Index: gcc/Makefile.in
===================================================================
--- gcc/Makefile.in	(revision 177665)
+++ gcc/Makefile.in	(working copy)
@@ -888,7 +888,7 @@  EXCEPT_H = except.h $(HASHTAB_H) vecprim
 TARGET_DEF = target.def target-hooks-macros.h
 C_TARGET_DEF = c-family/c-target.def target-hooks-macros.h
 COMMON_TARGET_DEF = common/common-target.def target-hooks-macros.h
-TARGET_H = $(TM_H) target.h $(TARGET_DEF) insn-modes.h
+TGT = $(TM_H) target.h $(TARGET_DEF) insn-modes.h
 C_TARGET_H = c-family/c-target.h $(C_TARGET_DEF)

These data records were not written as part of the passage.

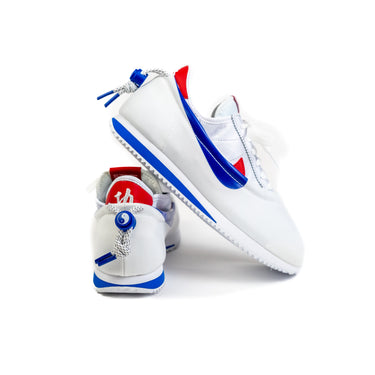 La Nike Cortez SP CLOT CLOTEZ Forrest Gump es una reinterpretación vanguardista de un clásico, fusionando el legado cinematográfico con la innovación del diseño 3-en-1 característico de la colaboración con CLOT. Esta edición permite al usuario elegir entre tres formas de uso: como zapatilla tradicional con cordones y bordado chino de "Kung Fu" en el talón, como slip on al estilo de los zapatos de Kung Fu con sistema de ajuste por cordón, o como un sneaker independiente gracias a sus capas desmontables. Su diseño rinde homenaje al icónico modelo que aparece en la película Forrest Gump, replicando la clásica combinación de blanco con Swoosh rojo en la versión principal, mientras que la capa slip on aporta un toque moderno con Swoosh azul y suela dentada para mejor tracción. Además, las plantillas removibles brindan un extra de confort y versatilidad, consolidando a esta silueta como una pieza única que une cultura pop, funcionalidad y estilo urbano.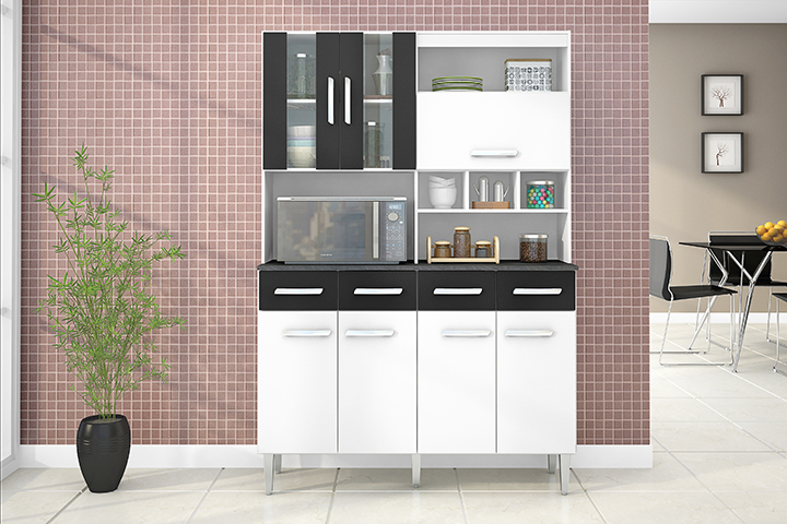 MUEBLE COCINA MELISSA BLANCO/NEGRO 7 COMPUERTAS + 4 GAVETAS 120CM/ANCHO X 178CM/ALTO
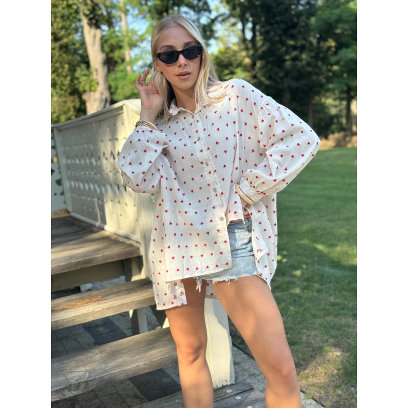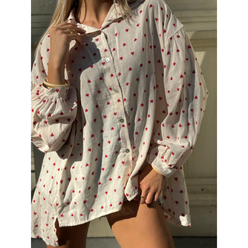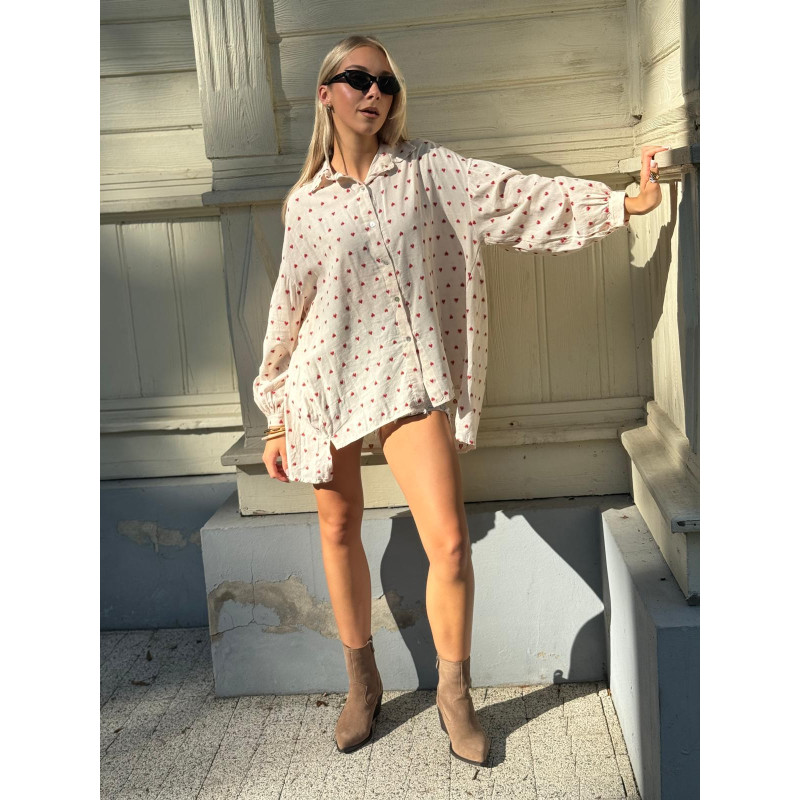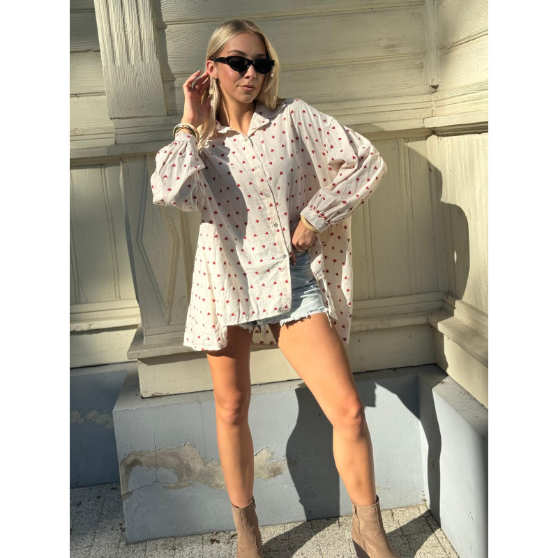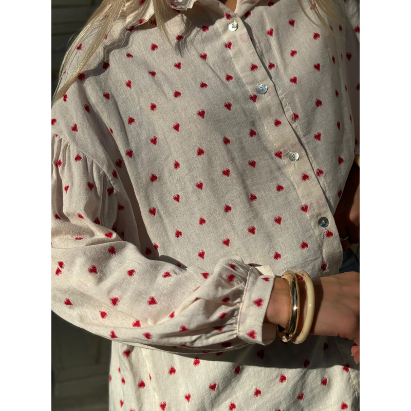 Koszula LANA uszyta z przewiewnej, miękkiej bawełny ozdobionej uroczym haftem w drobne serduszka.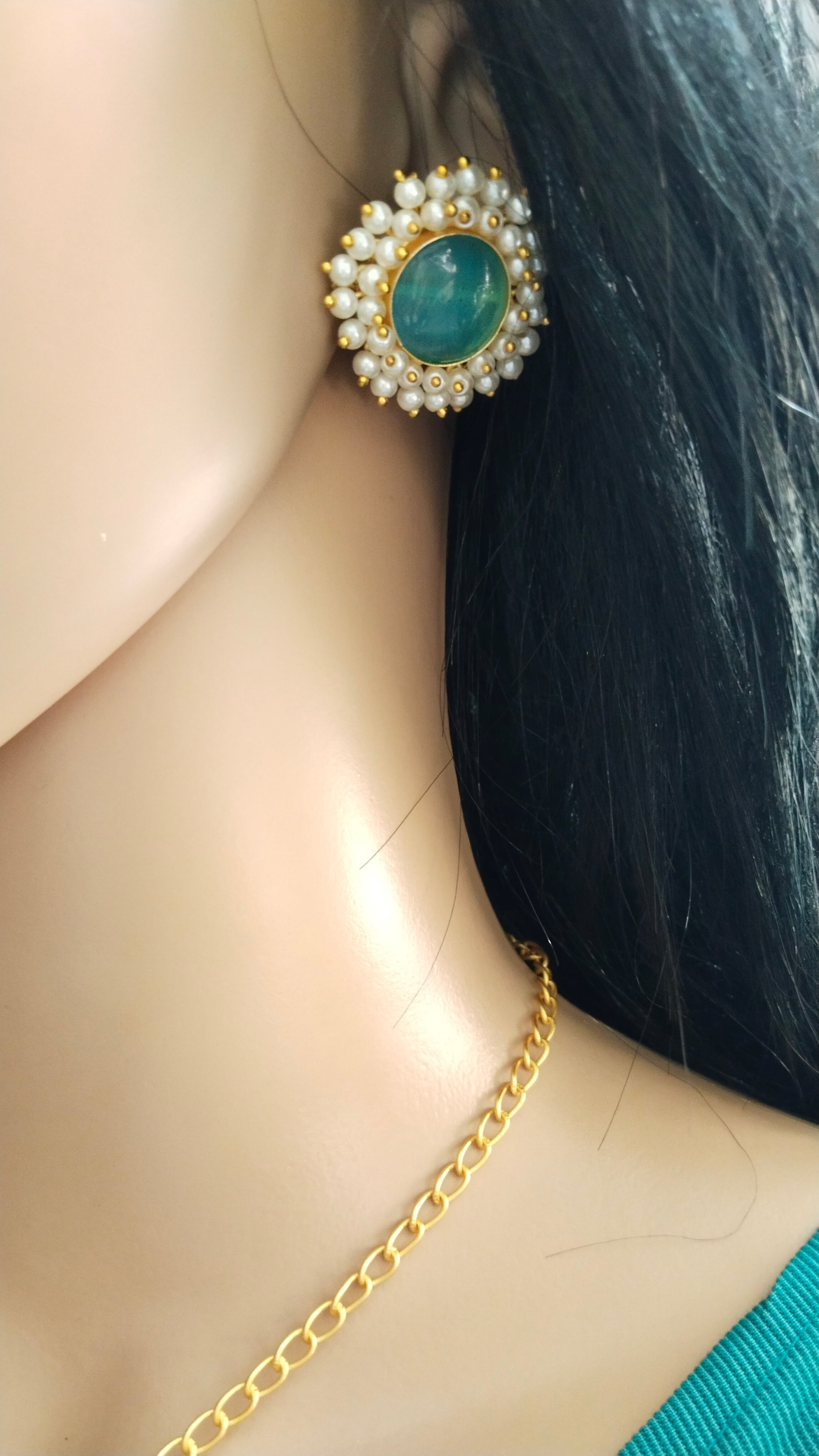 Monalisa stone, adorned with pearl pendant chain, earring, and finger ring combo offers a stunning, versatile set of accessories that elevate any outfit. Featuring a lustrous pearl and Monalisa stone, each piece is expertly crafted and adds a touch of sophistication and elegance.

 COMMON_TARGET_H = common/common-target.h $(INPUT_H) $(COMMON_TARGET_DEF)
 MACHMODE_H = machmode.h mode-classes.def insn-modes.h
@@ -919,8 +919,9 @@  TREE_H = tree.h all-tree.def tree.def c-
 REGSET_H = regset.h $(BITMAP_H) hard-reg-set.h
 BASIC_BLOCK_H = basic-block.h $(PREDICT_H) $(VEC_H) $(FUNCTION_H) cfghooks.h
 GIMPLE_H = gimple.h gimple.def gsstruct.def pointer-set.h $(VEC_H) \
-	vecir.h $(GGC_H) $(BASIC_BLOCK_H) $(TARGET_H) tree-ssa-operands.h \
+	vecir.h $(GGC_H) $(BASIC_BLOCK_H) $(TGT) tree-ssa-operands.h \
 	tree-ssa-alias.h $(INTERNAL_FN_H)
+TARGET_H = $(TGT) gimple.h
 GCOV_IO_H = gcov-io.h gcov-iov.h auto-host.h
 COVERAGE_H = coverage.h $(GCOV_IO_H)
 DEMANGLE_H = $(srcdir)/../include/demangle.h
@@ -3185,7 +3186,7 @@  tree-vect-generic.o : tree-vect-generic.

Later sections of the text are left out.